The Great Commentary of Cornelius à Lapide
Luke 4:27
And many lepers were in Israel in the time of Eliseus the prophet; and none of them was cleansed saving Naaman the Syrian, a foreigner and a Gentile. As Elisha, following his master Elias, did not prophecy to the Jews, his own people, but to foreigners, and did not therefore heal the lepers that were in Judæa, but Naaman the Gentile, by reason of his faith and their incredulity; so I preach and work miracles among these Capernaite strangers, on account of their faith, reverence, and good-will towards Me, but I leave you Nazarenes alone for your infidelity, your irreverence, and your contempt of Me. For Elisha, like Elias, was a type and forerunner of Christ; and Naaman the Gentile, a type of the Gentiles to whom Christ, leaving the Jews, would, by the apostles, transfer His faith, His church, and His grace. So Bede, Titus, Theophylact, Euthymius, Jansenius, Toletus, and others. Ver. 28. And all they in the synagogue, when they heard these things, were filled with wrath because they knew that they were touched by these two examples of the widow and Naaman, as being incredulous, and that a slur was cast upon them as being unworthy of the miracles of Jesus; and again because they were indignant that Jesus, their fellow-townsman and equal, should compare Himself with, and place Himself before, Elias and Elisha, nay, make Himself out the Messiah, from the prophecy of Isaiah; and, lastly, because Christ hinted that He would transfer His gifts from the Jews to the Gentiles. So S. Thomas, Toletus, Francis Lucas, and others. Ver. 29. And rose up and thrust him out of the city, and led him unto the brow of the hill, whereon their city was built, that they might cast him down headlong " led him " dragged Him, as it seemed to them, by violence, but, in reality, Christ of His own accord allowed Himself to be led and dragged.
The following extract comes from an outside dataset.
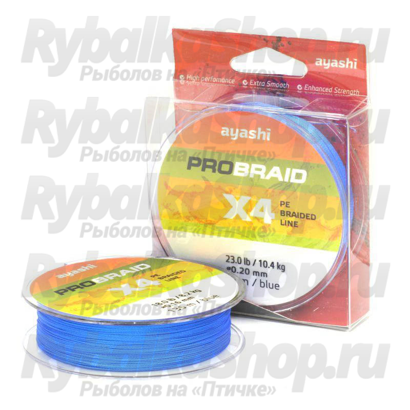 Серия шнуров Pro Braid-X4 от компании Ayashi разрабатывалась при участии ведущих инженеров данной области и именитых рыболовов-спортсменов и заслуживает внимание благодаря своему высокому качеству, а также весьма привлекательной цене. Pro Braid-X4 состоит из четырех нитей гладкого и очень прочного полиэтилена. Серия отличается износостойкостью и долговечностью. Шнур имеет очень плотное плетение, износоустойчив и хорошо противостоит трению о ракушечник или камни, что делает его пригодным для ловли в трудных условиях. Плетенка практически лишена эффекта памяти. Серия выпускается в различных цветовых вариациях. Хорошо подходит для джига.

That they might cast him down headlong fromthe top of the hill to the bottom, and so kill Him, as one who had defamed his own native place, and inflicted injury and insult upon it; and therefore they brought Him forth outside of the city, as being unworthy of it, that they might cast Him from the top of the mountain, dash Him down upon the rocks, and break His whole body to pieces. This was a grievous piece of violence on the part of the Nazarenes against Christ, their fellow-citizen, and thus, as Euthymius observes, they confirmed in act, what He had spoken in words, namely, that a prophet is not held in honour in his own country, but dishonoured, nay, slain; and that therefore the Nazarenes were unworthy of the preaching and miracles of Christ.
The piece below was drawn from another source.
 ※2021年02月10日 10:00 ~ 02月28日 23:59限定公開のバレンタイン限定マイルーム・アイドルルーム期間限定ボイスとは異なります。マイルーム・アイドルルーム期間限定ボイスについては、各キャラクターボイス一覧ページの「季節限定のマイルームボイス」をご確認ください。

S. Bonaventure, Toletus, and others add, that they took Christ out of the city to the top of the hill that they might slay Him as a blasphemer, because He had made Himself the Messiah. For though, by the law, the blasphemer was to be stoned, still they wished to cast Christ headlong upon the rocks and stones, because this is the same as if they had stoned Him. Whether the stones are cast at the man, or the man hurled headlong upon the stones, is all one; indeed, the latter is more cruel and terrible. So it was that they cast S. Stephen out of Jerusalem as a blasphemer, and stoned him; and S. James, the first Bishop of Jerusalem, was hurled down from a pinnacle of the Temple as a blasphemer, because He taught that Christ was the Messiah.
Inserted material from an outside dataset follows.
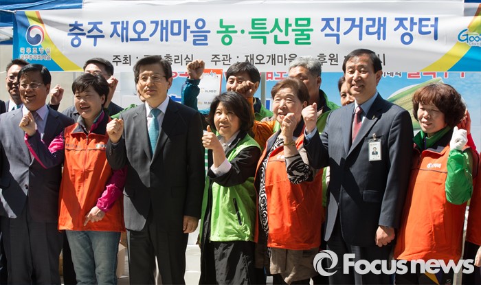 (세종=포커스뉴스) 황교안 국무총리가 26일 오전 세종시 정부세종청사 국토교통부 내 광장에서 열린 국무총리실과 1사 1촌 자매결연을 맺은 충주 재오개마을 농·특산물 직거래 장터에 방문해 주민들과 파이팅을하며 기념촬영을 하고 있다.

S. Ambrose points out that these men were worse than the devil, who did but set Christ upon a pinnacle of the Temple, and say to Him, "Cast thyself down," while these did their best to hurl Him down by force. "The heritage of the disciples," he says, "is worse than that of the master - he tempts the Lord by word, they attempt His life by their act he says, 'Cast thyself down,' they do Him violence in order to cast Him down."